Details
- Promotion: Big Japan Pro Wrestling
- Date established: 2000
- Date retired: November 9, 2011

Statistics
- First champion(s): Misae Genki
- Final champion(s): Kaori Yoneyama
- Longest reign: Kaori Yoneyama (3,233 days)
- Shortest reign: Kiyoko Ichiki (<1 day)
- Oldest champion: Kiyoko Ichiki (27 years, 252 days)
- Youngest champion: Kaori Yoneyama (21 years, 310 days)

= BJW Women's Championship =

Professional wrestling championship

The BJW Women's Championship (BJW認定女子王座, BJW-nintei Joshi Ōza) was a title defended in the Japanese professional wrestling promotion Big Japan Pro Wrestling.

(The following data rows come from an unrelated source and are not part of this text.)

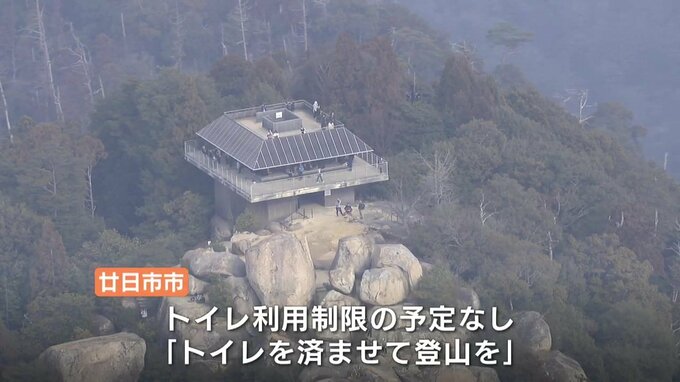 年末年始、観光客で賑わう広島県廿日市市宮島の弥山で、トイレ洗浄用の水が不足する恐れが出ています。
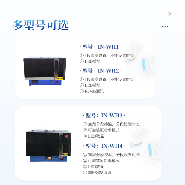 特 点 | 7寸液晶触摸屏;30段程序控温,实验数据、温度曲线等数据一目了然;恒温和恒功率模式,定值和程序模式,可切换使用 |
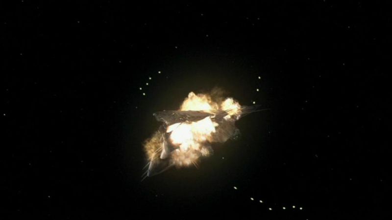 Der Wraith-Kreuzer wird von den Antiker-Drohnen des Antikerschiffes zerstört. |

It was created in 2000.

There were only three reigns and one vacancy shared between three wrestlers.

==History==
Established in 2000 by Big Japan Pro Wrestling (BJW), the title was first won by Misae Genki when she defeated Kiyoko Ichiki during the Hardcore Series II tour, on July 2, 2000.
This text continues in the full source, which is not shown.